┌──
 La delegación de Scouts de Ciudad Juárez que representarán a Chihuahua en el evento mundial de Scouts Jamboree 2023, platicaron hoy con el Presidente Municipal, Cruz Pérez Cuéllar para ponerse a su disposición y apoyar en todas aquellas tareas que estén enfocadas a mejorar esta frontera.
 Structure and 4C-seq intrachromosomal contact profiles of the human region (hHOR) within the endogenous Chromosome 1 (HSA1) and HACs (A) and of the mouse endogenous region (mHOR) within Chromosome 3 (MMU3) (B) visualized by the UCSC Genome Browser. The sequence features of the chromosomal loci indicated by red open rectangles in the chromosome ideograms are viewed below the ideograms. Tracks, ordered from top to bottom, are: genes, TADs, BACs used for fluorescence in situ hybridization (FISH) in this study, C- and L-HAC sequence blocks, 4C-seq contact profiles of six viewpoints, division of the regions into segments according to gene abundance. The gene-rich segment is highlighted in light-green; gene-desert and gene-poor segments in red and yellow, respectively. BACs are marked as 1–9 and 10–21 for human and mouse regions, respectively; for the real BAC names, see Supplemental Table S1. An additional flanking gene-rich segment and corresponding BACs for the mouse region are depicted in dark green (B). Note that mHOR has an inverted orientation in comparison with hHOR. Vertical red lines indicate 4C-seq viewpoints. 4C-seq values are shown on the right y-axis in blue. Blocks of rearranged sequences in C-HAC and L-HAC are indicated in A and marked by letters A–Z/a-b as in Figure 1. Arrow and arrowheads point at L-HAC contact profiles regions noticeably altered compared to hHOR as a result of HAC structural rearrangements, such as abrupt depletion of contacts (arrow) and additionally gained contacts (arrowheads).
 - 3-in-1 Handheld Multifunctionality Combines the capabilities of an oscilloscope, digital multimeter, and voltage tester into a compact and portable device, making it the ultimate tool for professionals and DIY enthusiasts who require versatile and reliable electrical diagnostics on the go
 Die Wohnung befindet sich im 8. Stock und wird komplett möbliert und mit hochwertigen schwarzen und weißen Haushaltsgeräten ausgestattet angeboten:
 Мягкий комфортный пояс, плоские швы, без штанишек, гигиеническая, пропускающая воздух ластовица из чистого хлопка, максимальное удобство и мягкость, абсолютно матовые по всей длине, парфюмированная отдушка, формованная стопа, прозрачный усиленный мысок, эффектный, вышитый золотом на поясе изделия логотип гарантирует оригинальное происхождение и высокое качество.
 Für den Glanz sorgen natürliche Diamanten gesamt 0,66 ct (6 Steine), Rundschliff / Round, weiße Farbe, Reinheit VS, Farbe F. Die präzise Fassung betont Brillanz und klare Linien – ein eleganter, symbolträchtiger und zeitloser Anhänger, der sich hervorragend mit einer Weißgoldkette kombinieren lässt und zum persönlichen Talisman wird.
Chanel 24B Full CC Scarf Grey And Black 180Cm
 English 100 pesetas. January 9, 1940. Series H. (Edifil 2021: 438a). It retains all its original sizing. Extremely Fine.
└──
Number of lines holding "sich" in the material: state it with no other words.

2